In der württembergischen Amtsstadt Riedlingen an der Donau wuchs Keller in beengten Verhältnissen einer Weberfamilie auf. Im Alter von sechs Jahren verlor er seine Mutter, die bei der Geburt ihres 10. Kindes starb. Nach der Schule begann er beim Nachbarn eine Ausbildung zum Konditor. Die Lehre setze er später in Reutlingen fort und die der Gesellenprüfung folgenden Wanderjahre führten ihn dann in renommierte Konditoreien in Schorndorf, Landau in der Pfalz, Tettnang, Biberach an der Riß, nach Müllheim im Markgräflerland, Forchheim in Oberfranken, Stuttgart, Überlingen, Diedenhofen im Elsass, nach Konstanz und Ulm. In Stuttgart besuchte Keller 1911 einen Kurs in der „Internationalen Lehranstalt für Conditoren Friedrich Hartmann“ und dreimal zog es ihn zu Franz Teriet nach Überlingen, wo er 1914 seine spätere Frau kennenlernte.
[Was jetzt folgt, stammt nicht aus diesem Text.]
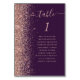Le bord gauche de cette élégante carte de numéro de table mariage moderne comporte une bordure rose en faux parties scintillant or. Le mot "table" apparaît dans un script d'écriture manuscrite rose rose sur un arrière - plan violet foncé. Ajoutez les noms de vos invités qui sont affectés à chaque table.

Kurze Zeit nach der Hochzeit wurde der 28-jährige zum Landsturm in den Raum Koblenz eingezogen und musste die Vorbereitung zur Meisterprüfung unterbrechen.
Der Soldat im II. Landsturm-Infanterie-Bataillon Bonn VIII. 7 nahm im Frühjahr 1916 an den Stellungskämpfen in den mittleren Vogesen teil. Aber auch in der Armee kam Keller seiner beruflichen Begabung nach, wie Fotos vermuten lassen. Ende November 1918 wurde der Gefreite aus dem Heer entlassen und kam an den Bodensee zurück. Ein Jahr später bestand er vor der Handwerkskammer Konstanz die Meisterprüfung, als einer der Besten.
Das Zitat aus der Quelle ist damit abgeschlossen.